### MATERIAL PROVIDED
►

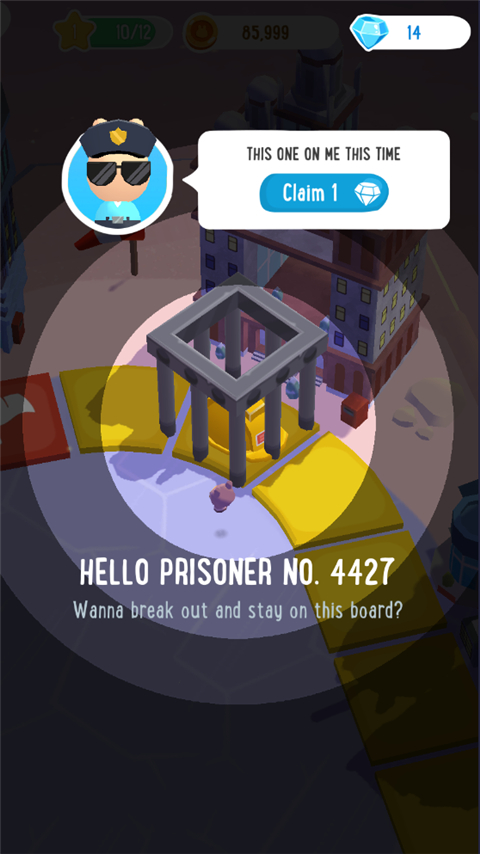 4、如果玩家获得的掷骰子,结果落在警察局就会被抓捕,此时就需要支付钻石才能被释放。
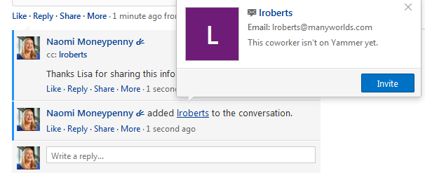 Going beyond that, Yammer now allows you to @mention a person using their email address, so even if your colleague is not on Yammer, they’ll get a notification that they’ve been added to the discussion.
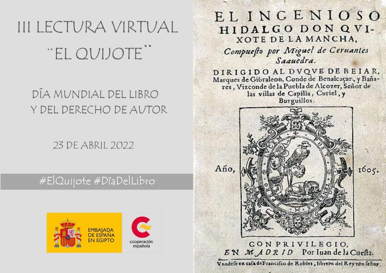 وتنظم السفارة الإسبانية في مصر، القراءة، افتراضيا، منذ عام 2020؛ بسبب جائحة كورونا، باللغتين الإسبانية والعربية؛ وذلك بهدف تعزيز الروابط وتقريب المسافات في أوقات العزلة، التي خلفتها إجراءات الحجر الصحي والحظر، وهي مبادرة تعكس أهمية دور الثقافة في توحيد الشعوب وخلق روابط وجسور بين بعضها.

◄
►

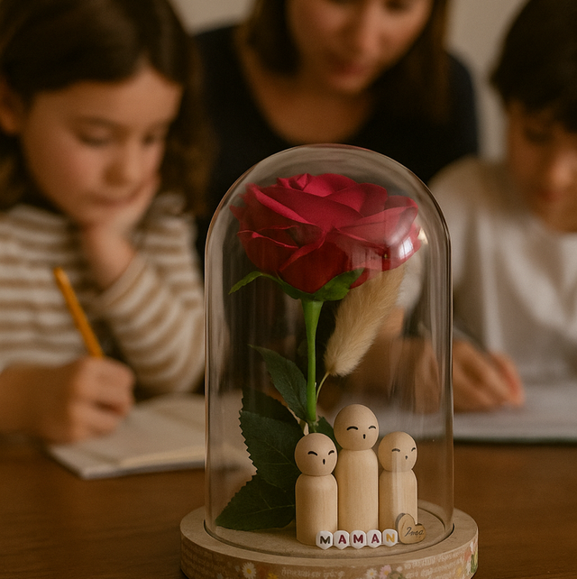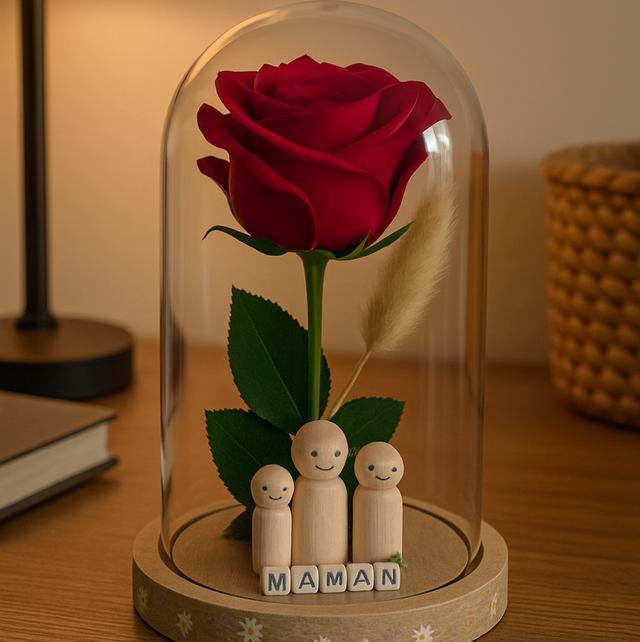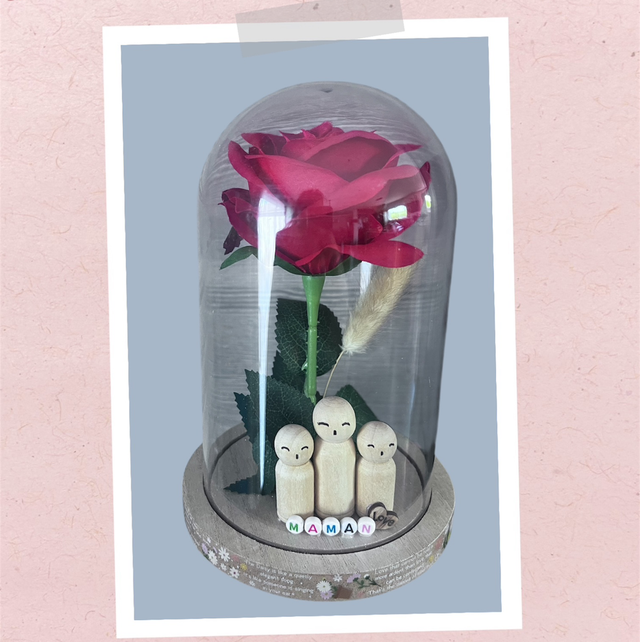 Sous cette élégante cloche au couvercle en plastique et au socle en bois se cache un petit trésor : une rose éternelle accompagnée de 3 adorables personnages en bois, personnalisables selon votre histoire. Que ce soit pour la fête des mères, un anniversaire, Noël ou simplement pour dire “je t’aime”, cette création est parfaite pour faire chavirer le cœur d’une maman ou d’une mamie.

◄

Exactly the lines above, from the one containing "4、如果玩家获得的掷骰子,结" down to the one containing "Going beyond that, Yammer", are to be repeated, including both ends. Pictures are not part of the copy.

### RESPONSE AREA
 4、如果玩家获得的掷骰子,结果落在警察局就会被抓捕,此时就需要支付钻石才能被释放。
 Going beyond that, Yammer now allows you to @mention a person using their email address, so even if your colleague is not on Yammer, they’ll get a notification that they’ve been added to the discussion.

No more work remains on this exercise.